BiocBuildDB is an R package that provides tools for managing and querying a database of Bioconductor build reports. These reports contain information about the build status of Bioconductor packages across different platforms and R versions.
Data flow
Each day, the Bioconductor build reports are processed to generate structured tables of build results. These tables are stacked to generate a longitudinal record of build results available as parquet files. The data flow for the entire process is outlined in the diagram below.
flowchart TD
%% =========================
%% Phase A: Daily extraction
%% =========================
A[Bioconductor<br/>Daily Build Reports]
-->|daily| B[Parse & Normalize<br/>Build Metadata]
B -->|md5 hashed<br/>by build report| C1[info.csv]
B -->|md5 hashed<br/>by build report| C2[build_summary.csv]
B -->|md5 hashed<br/>by build report| C3[propagation_status.csv]
%% =========================
%% Phase B: Longitudinal stacking
%% =========================
C1 -->|append new report| D1[info.parquet<br/>partitioned by date]
C2 -->|append new report| D2[build_summary.parquet<br/>partitioned by date]
C3 -->|append new report| D3[propagation_status.parquet<br/>partitioned by date]
%% =========================
%% Storage layer
%% =========================
D1 --> E[(Object Storage\nS3 / GCS)]
D2 --> E
D3 --> E
%% =========================
%% Storage layer
%% =========================
E -->|Usage| U[BiocBuildDB R Package]
E -->|Usage| DASH[Third party dashboards]

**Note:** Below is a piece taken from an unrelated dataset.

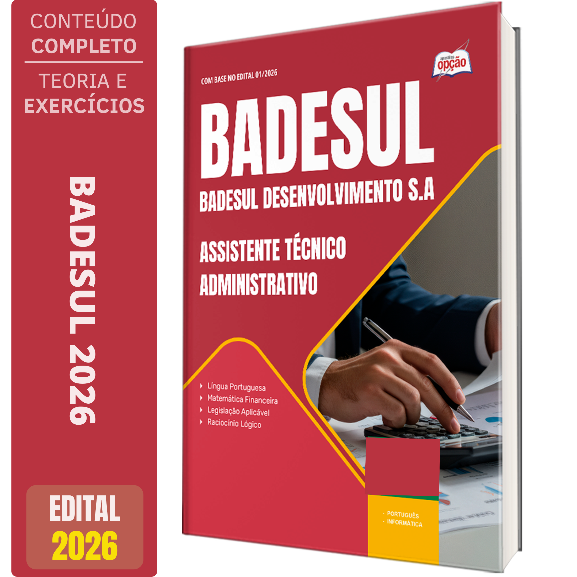 A Apostila Concurso BADESUL 2026 - Assistente Técnico Administrativo contempla as seguintes matérias:

E -->|Usage| ANALYSIS[Analytics]
%% =========================
%% Styling
%% =========================
classDef source fill:#eef,stroke:#446;
classDef daily fill:#efe,stroke:#484;
classDef parquet fill:#ffe,stroke:#aa4;
classDef storage fill:#fdf6e3,stroke:#b58900;
class A source;
class C1,C2,C3 daily;
class D1,D2,D3 parquet;
class E storage;
Installation
You can install the development version of BiocBuildDB from GitHub with:
# install.packages("BiocManager")
BiocManager("seandavi/BiocBuildDB")